(STORED DATA)
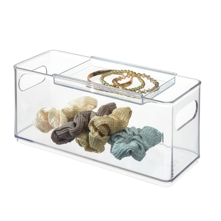 Container with sliding lid, THE HOME EDIT HAIR ACCESSORY BIN, Transparent
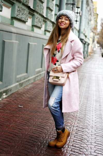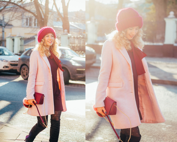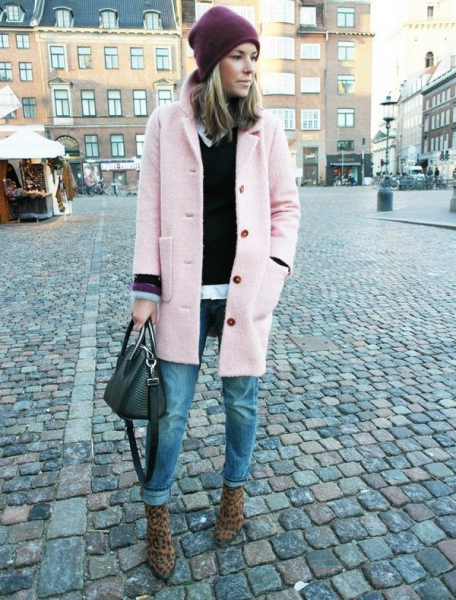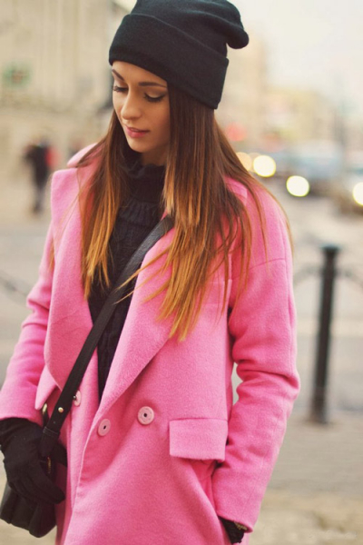- Розовое. С ним отлично будут смотреться шапки на несколько оттенков светлее или темнее. Разрешены и варианты белого, чёрного, голубого, бежевого и серого цвета.
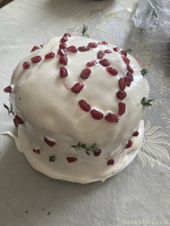 Я переоценила свои возможности (как всегда) и совсем без сил. Зря оставляю украшение на последний день. Но зато воплотила увиденную у Казанцевой задумку: покрыть полностью глазурью и украсить зёрнами граната с веточками (у меня тимьян).
(End STORED DATA)
_AIM OF THE TASK_: Nothing but the lines from the one containing "- Розовое. С" through the last line of the data should appear in the answer, copied exactly, with pictures excluded.

_RESULT OF THE TASK_:
- Розовое. С ним отлично будут смотреться шапки на несколько оттенков светлее или темнее. Разрешены и варианты белого, чёрного, голубого, бежевого и серого цвета.
 Я переоценила свои возможности (как всегда) и совсем без сил. Зря оставляю украшение на последний день. Но зато воплотила увиденную у Казанцевой задумку: покрыть полностью глазурью и украсить зёрнами граната с веточками (у меня тимьян).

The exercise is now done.